Diet and Fitness, Diet and Healthy Eating

What a Healthy Diet Does to Your Body in 15 Minutes, 12 Hours, 12 Weeks…

0 Comments 29 December 2011

When you’re trying to lose weight, you might be focused on fitting into that sexy black number hanging in your closet. But there are wonderful things happening inside your body that won’t be reflected on the scale, such as decreasing blood pressure, blood sugar, and cholesterol. Get the ego boost from Dr. Mike Moreno, author of The 17 Day Diet: A Doctor’s Plan Designed for Rapid Results.

Being overweight is a symptom of being unhealthy. Focus on your weight and your health will improve—instantly. Consider what the results of various research studies say about the rather immediate effects of healthy nutrition on the body:

After 15 minutes: After the first morning of eating a healthy breakfast, your stomach’s satiety signals have registered in your brain, and you feel full. The body’s internal chemistry is at its most active first thing in the morning, so your breakfast is then used to the maximum. If you eliminated processed foods (white bread, sugary cereals) for whole grains and lean proteins like egg whites, along with fresh fruit, you should feel energetic and mentally alert after just one meal.
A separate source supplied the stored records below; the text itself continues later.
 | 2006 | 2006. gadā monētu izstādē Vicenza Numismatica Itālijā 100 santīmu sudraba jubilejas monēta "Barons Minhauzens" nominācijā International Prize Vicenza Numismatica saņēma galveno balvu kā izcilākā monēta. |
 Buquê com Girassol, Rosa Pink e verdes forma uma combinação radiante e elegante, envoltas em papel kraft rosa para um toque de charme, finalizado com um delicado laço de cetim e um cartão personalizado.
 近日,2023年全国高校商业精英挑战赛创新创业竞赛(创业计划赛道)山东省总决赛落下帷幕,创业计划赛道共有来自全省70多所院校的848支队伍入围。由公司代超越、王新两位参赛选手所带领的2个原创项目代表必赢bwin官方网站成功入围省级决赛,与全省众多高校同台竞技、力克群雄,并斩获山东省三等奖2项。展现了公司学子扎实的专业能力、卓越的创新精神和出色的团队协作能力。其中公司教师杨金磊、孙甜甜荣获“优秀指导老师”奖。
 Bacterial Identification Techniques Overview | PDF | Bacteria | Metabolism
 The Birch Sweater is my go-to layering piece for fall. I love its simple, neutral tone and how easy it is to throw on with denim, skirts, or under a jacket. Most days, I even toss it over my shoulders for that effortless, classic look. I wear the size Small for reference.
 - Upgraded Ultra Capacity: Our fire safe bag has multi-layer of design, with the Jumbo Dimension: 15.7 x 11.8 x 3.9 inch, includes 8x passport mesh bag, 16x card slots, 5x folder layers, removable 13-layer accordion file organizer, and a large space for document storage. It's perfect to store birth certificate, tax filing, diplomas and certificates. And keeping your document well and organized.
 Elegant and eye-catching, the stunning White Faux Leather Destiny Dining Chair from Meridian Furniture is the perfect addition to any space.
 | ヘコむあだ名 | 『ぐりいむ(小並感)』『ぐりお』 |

After 3 hours: Your artery linings are able to expand sufficiently to increase blood flow to the body’s tissues and organs.

After 6 hours: The HDL (happy cholesterol) in your blood perks up and starts scouring LDL (lousy cholesterol) from the blood. You can think of LDLs as delivery trucks, depositing cholesterol in blood vessels, and HDLs as garbage trucks, taking them back to the liver where they’re broken down.
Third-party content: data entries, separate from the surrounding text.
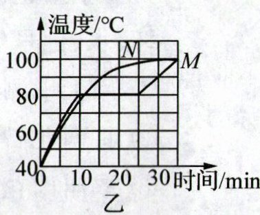 11. 用图甲两套相同装置分别对相等质量的固体 $M$、$N$ 加热,温度随加热时间变化的曲线如图乙,在 $35min$ 内 $M$ 物质从固体熔化成了液体、$N$ 物质始终是固体.下列说法错误的是 (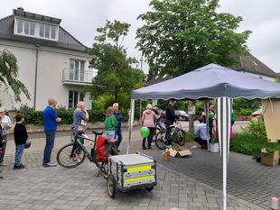 Seit vielen Jahren organisieren wir den Flohmarkt am Rheinufer und seit 2021 den Höfeflohmarkt, egal ob Wahlen anstehen oder nicht. Als Neuerungen gab es dieses Jahr neben dem Online-Plan auch eine gedruckte Papierversion, die fleißig genutzt wurde und gerade den Besuchern bei der Orientierung half. Auch gab es, von der Firma Lebenslagen gesponsert, mit Helium gefüllt Ballone, die die Teilnehmer (zur besseren Sichtbarkeit der Höfe) am TGM Gelände abholen konnten.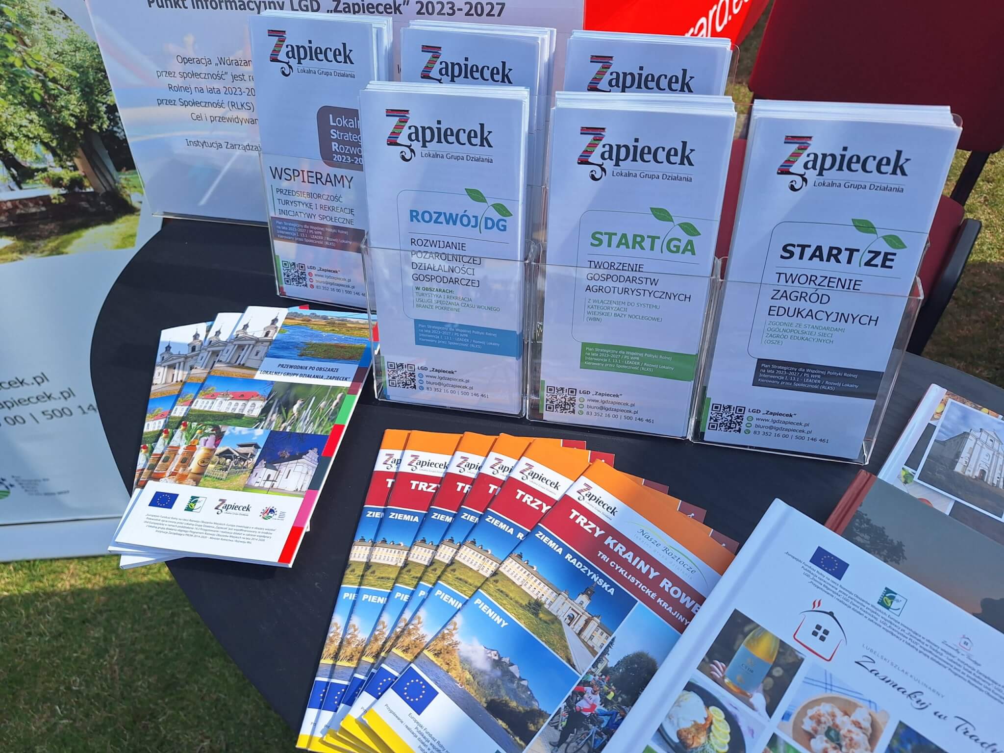 Przygotowaliśmy stoisko promocyjne, na którym można było nie tylko zapoznać się z publikacjami opracowanymi i wydanymi przez LGD „Zapiecek”, ale także dowiedzieć się, czym zajmujemy się na co dzień.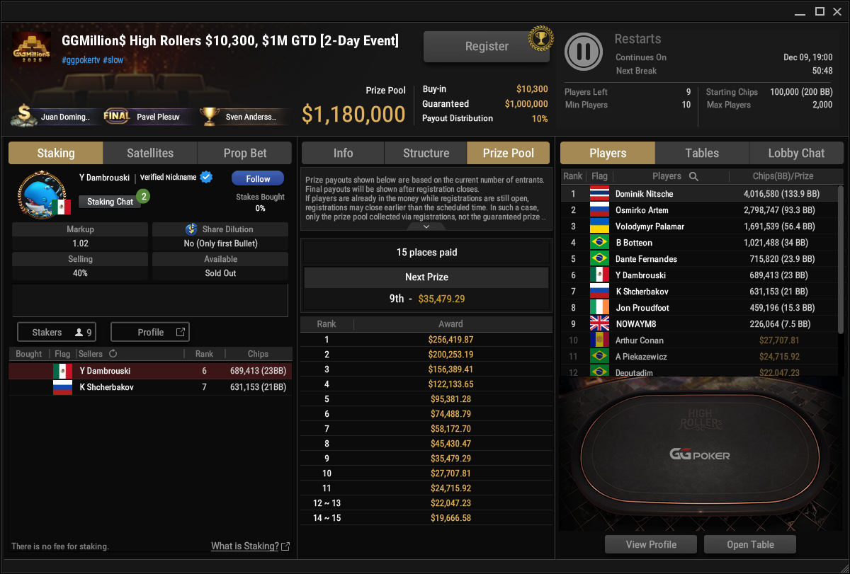 Vor allem die High Roller sind aktuell auf den verschiedenen Kontinenten aufgeteilt und im Live-Einsatz. Dennoch waren es 118 Entries beim $10k GGMillion$. Die top 15 Plätze waren bezahlt, wobei von den DACHs nur Dominik Nitsche die Geldränge erreichen konnte. Er holte sich dann aber auch gleich den Chiplead für das Finale der letzten neun, wo $256.419 auf den Sieger warten. Die Entscheidung fällt morgen Abend.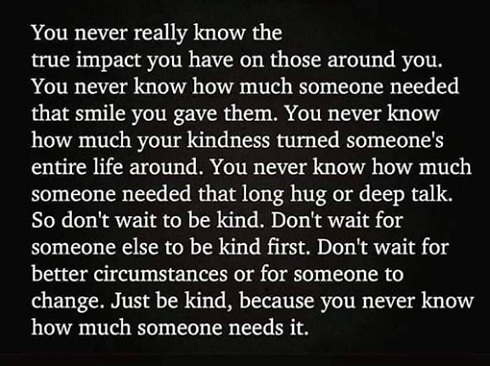 It usually does not take a lot to be kind. Sometimes I think we make it to hard, when something so simple and easy as a genuine smile can brighten someone’s day. Being polite and kind to others can sometimes be just what they need to make their day. Holding the door for someone, letting them go ahead of you in line, smiling and saying hello, being respectful, you never know how that may effect them for the better. The little everyday acts of kindness can be a seed planted in their lives that will grow and help them to be encouraged and to pass it on to others.

After 12 hours: Your body finally has an opportunity to burn the fat it has stored for energy because you’ve eliminated sugar. When you’re eating a lot of sugar, your body is so busy processing the sugar that it doesn’t have time to do its other job, which is to help the body burn fat. So guess what? The fat ends up hanging around.

After 16 hours: You get a restful night’s sleep.
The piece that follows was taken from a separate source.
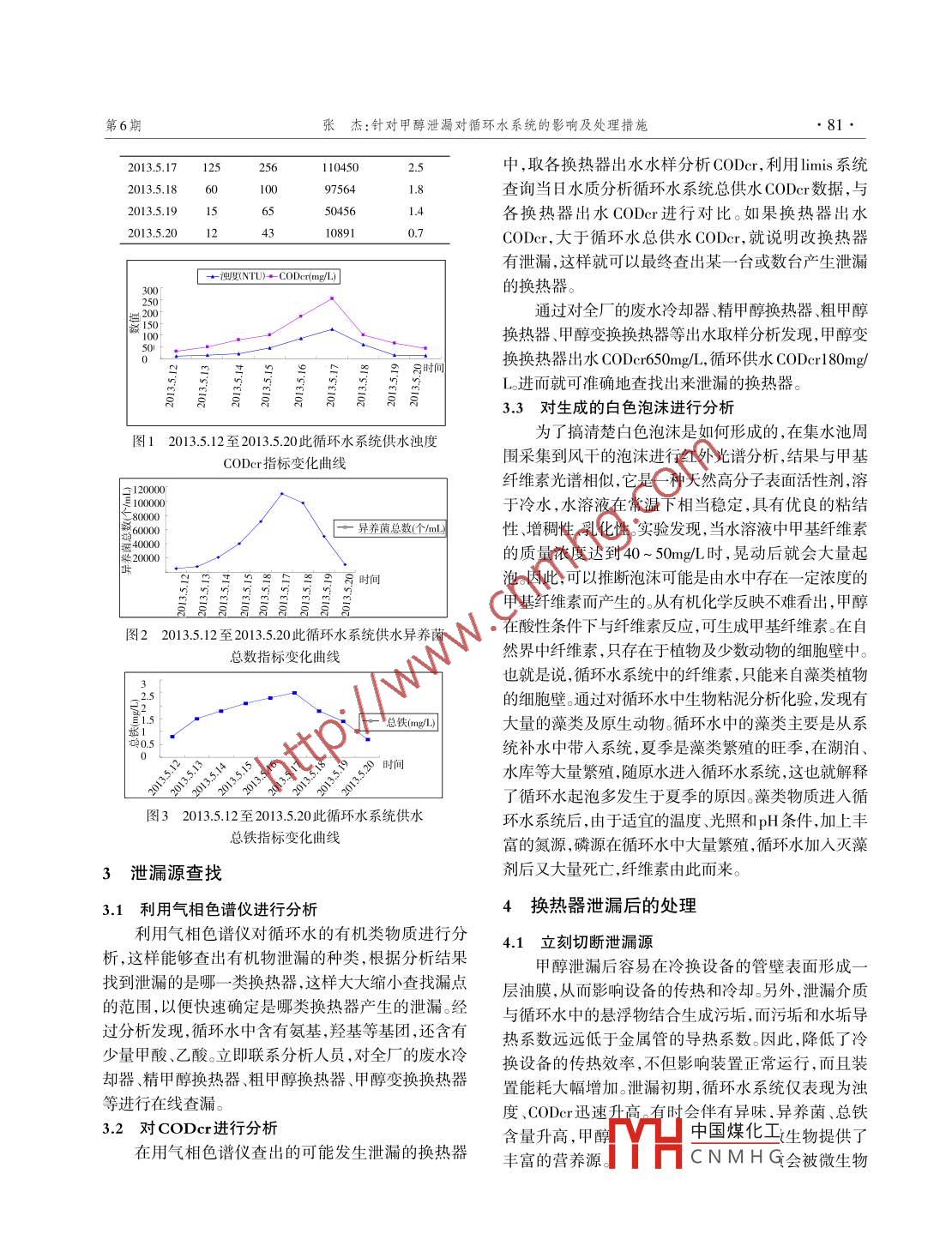 針對甲醇泄漏對循環(huán)水系統(tǒng)的影響及處理措施

After 24 hours: You’re 1 to 2 pounds lighter, because your body has begun to flush excess water and toxins from your system.

After 3 days: Once your body senses it’s losing weight, its blood-related numbers (cholesterol, blood pressure, blood sugar) start traveling in a healthy direction.

After 1 week: Your cholesterol levels can drop significantly. Blood levels of important disease-fighting antioxidants like vitamin C and vitamin E are higher. Your bowels are in better working order, and you should be at least 5 pounds lighter.

After 2 weeks: You’ll experience healthy drops in blood pressure if you’ve been diagnosed with hypertension. Expect to have lost up to 10 pounds by now.

After 1 month: Nobody has to filter out chunks of fast food from your blood anymore. By now, blood levels of LDL cholesterol can fall by nearly 30 percent—a drop similar to that seen with some cholesterol-lowering drugs.

After 6 weeks: You’ve lost so much weight you can’t buy new, smaller clothes fast enough. Yes, you should have lost quite a bit of weight (20 pounds is not unusual), and your blood cholesterol and triglyceride levels will be substantially improved.

After 12 weeks: Many significant health numbers—cholesterol, triglycerides (fat in the blood), blood pressure, glucose and insulin—should begin to, if not completely, normalize.

After 6 months: You’ll feel healthier because your body will be retaining more vitamins and minerals. Because you reduced your sugar intake significantly over this period, insulin production will have normalized. So your risk of developing type 2 diabetes is reduced, as this can be linked to a larger intake of sugar. Your energy levels have improved dramatically because your body has gone through a detoxing process. You’ve probably reached your goal. The hardest work is over, and now it’s time to learn how to eat to maintain your newly slender silhouette.